Items from a dataset:
((
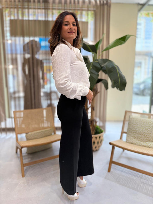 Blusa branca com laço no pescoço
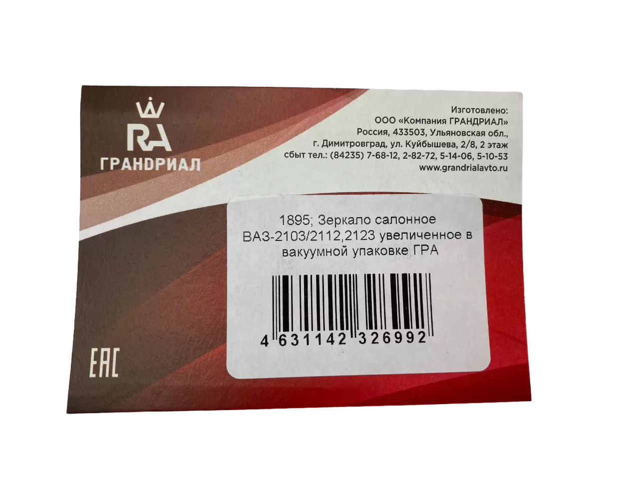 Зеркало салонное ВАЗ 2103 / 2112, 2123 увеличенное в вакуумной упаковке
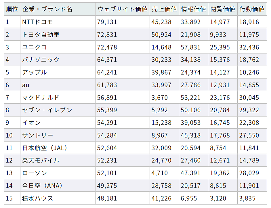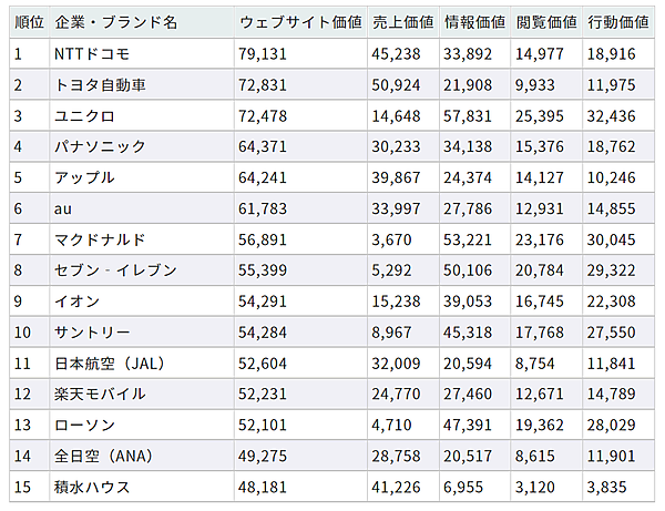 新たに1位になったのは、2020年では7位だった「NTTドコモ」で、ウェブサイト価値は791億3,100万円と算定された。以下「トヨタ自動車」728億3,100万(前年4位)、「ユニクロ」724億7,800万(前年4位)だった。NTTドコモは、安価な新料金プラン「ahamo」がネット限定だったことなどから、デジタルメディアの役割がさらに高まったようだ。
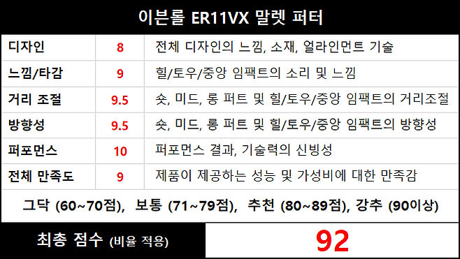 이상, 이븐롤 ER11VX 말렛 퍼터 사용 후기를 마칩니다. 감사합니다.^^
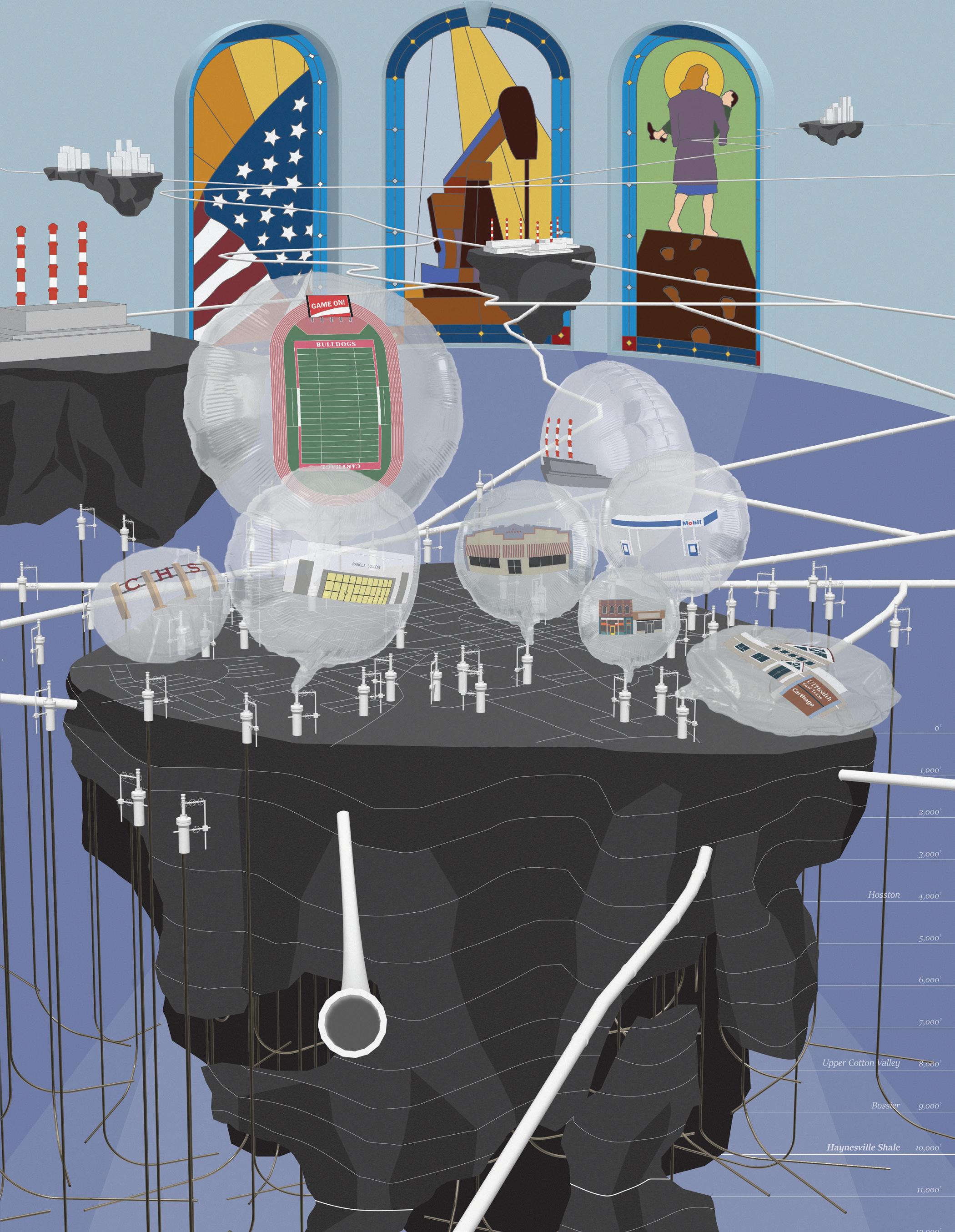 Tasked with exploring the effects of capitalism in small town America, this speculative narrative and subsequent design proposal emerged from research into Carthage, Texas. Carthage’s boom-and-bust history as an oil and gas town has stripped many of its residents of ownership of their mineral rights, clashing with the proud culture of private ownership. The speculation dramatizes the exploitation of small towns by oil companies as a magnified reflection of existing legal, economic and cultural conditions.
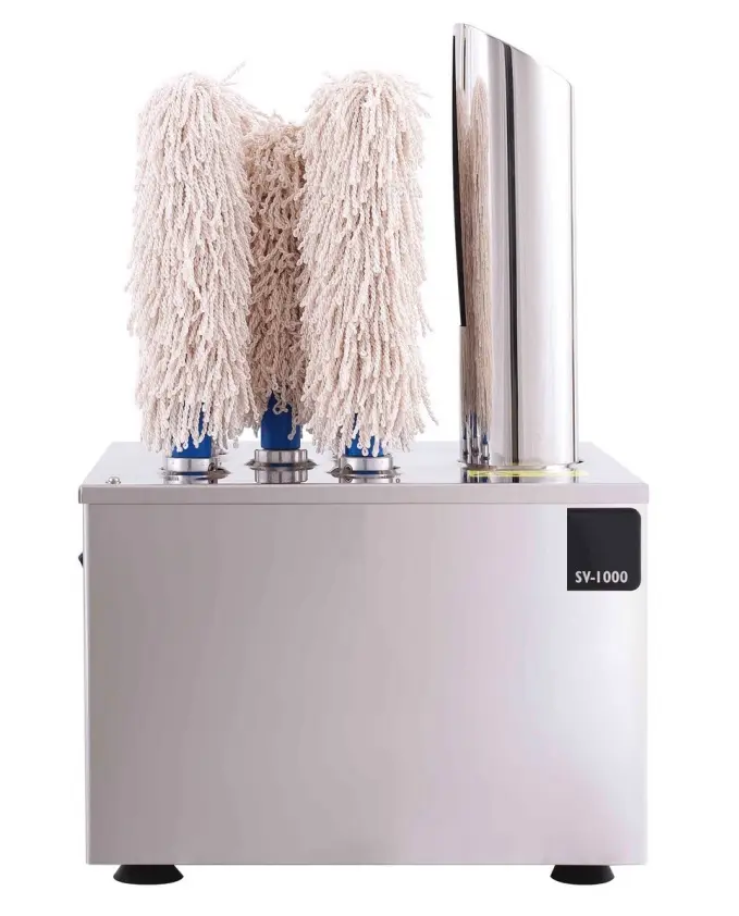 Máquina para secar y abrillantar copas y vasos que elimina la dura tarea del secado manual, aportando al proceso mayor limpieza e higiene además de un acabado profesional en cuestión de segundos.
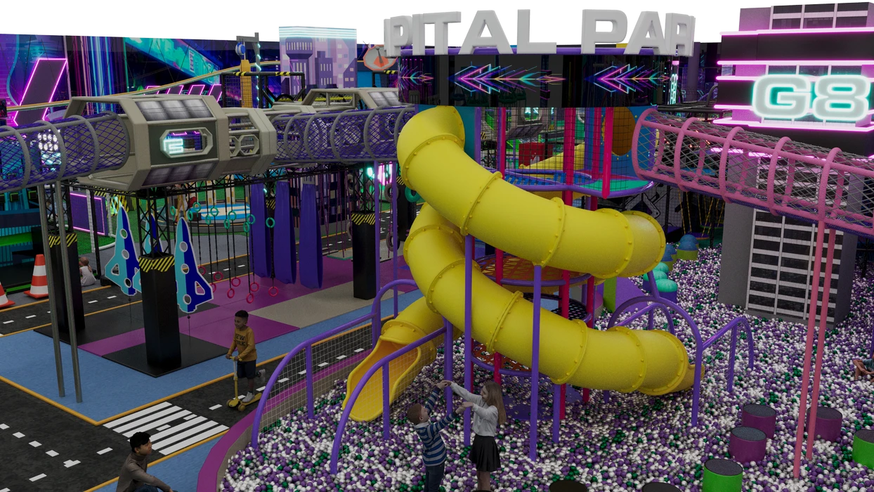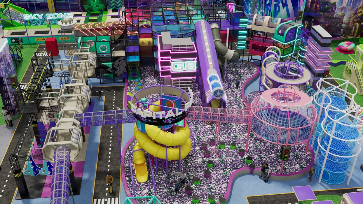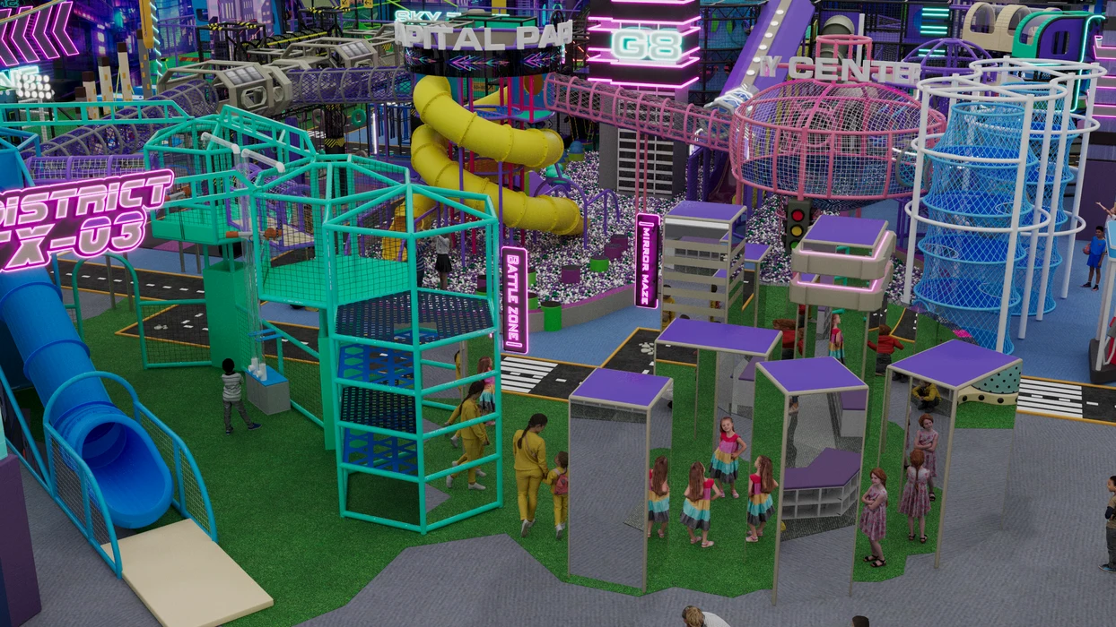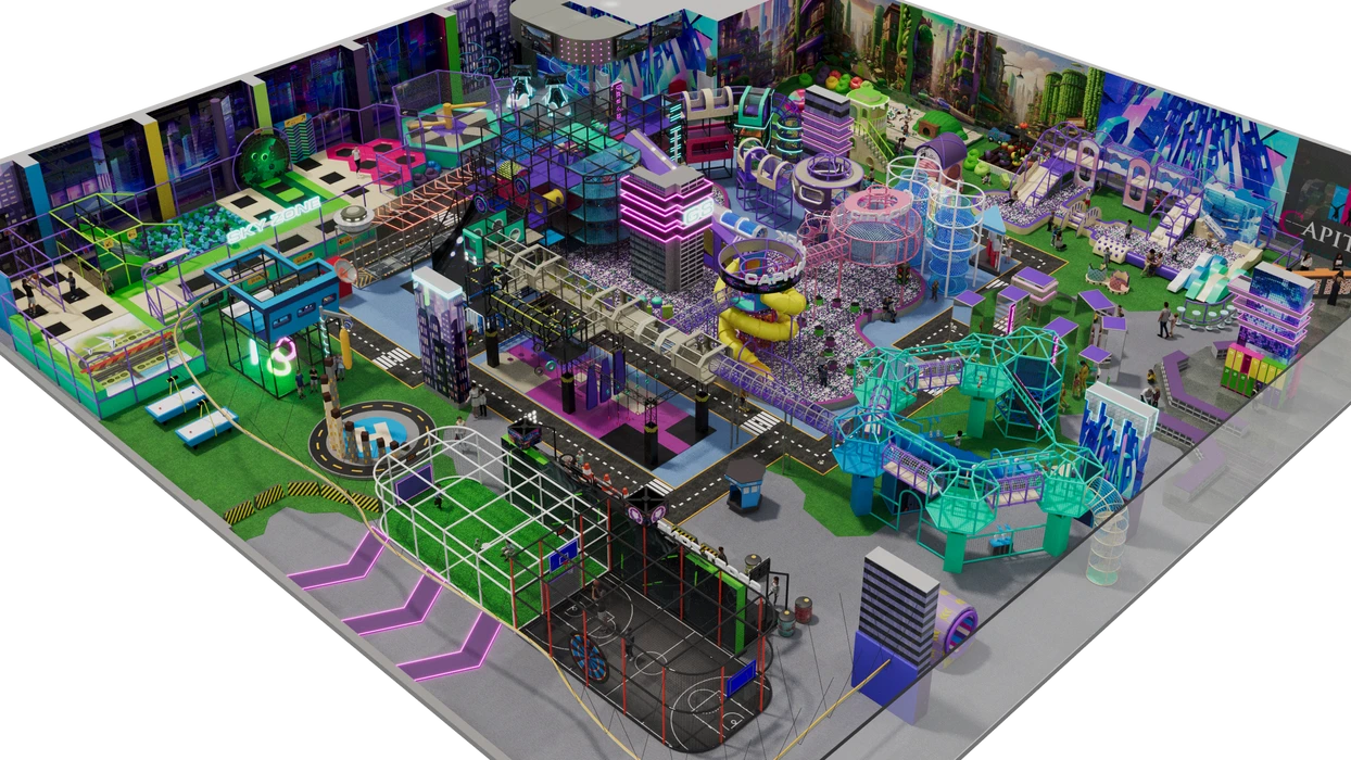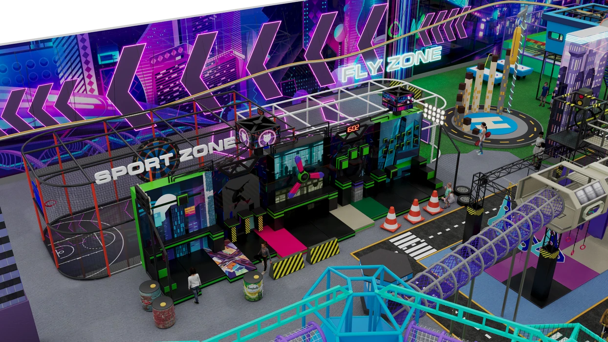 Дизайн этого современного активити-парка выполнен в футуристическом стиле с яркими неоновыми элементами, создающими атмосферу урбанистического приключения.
))
Find the line that contains "Зеркало салонное ВАЗ", then write out that line and every line after it through the end of the records, exactly. Leave the pictures out.

 Зеркало салонное ВАЗ 2103 / 2112, 2123 увеличенное в вакуумной упаковке
 新たに1位になったのは、2020年では7位だった「NTTドコモ」で、ウェブサイト価値は791億3,100万円と算定された。以下「トヨタ自動車」728億3,100万(前年4位)、「ユニクロ」724億7,800万(前年4位)だった。NTTドコモは、安価な新料金プラン「ahamo」がネット限定だったことなどから、デジタルメディアの役割がさらに高まったようだ。
 이상, 이븐롤 ER11VX 말렛 퍼터 사용 후기를 마칩니다. 감사합니다.^^
 Tasked with exploring the effects of capitalism in small town America, this speculative narrative and subsequent design proposal emerged from research into Carthage, Texas. Carthage’s boom-and-bust history as an oil and gas town has stripped many of its residents of ownership of their mineral rights, clashing with the proud culture of private ownership. The speculation dramatizes the exploitation of small towns by oil companies as a magnified reflection of existing legal, economic and cultural conditions.
 Máquina para secar y abrillantar copas y vasos que elimina la dura tarea del secado manual, aportando al proceso mayor limpieza e higiene además de un acabado profesional en cuestión de segundos.
 Дизайн этого современного активити-парка выполнен в футуристическом стиле с яркими неоновыми элементами, создающими атмосферу урбанистического приключения.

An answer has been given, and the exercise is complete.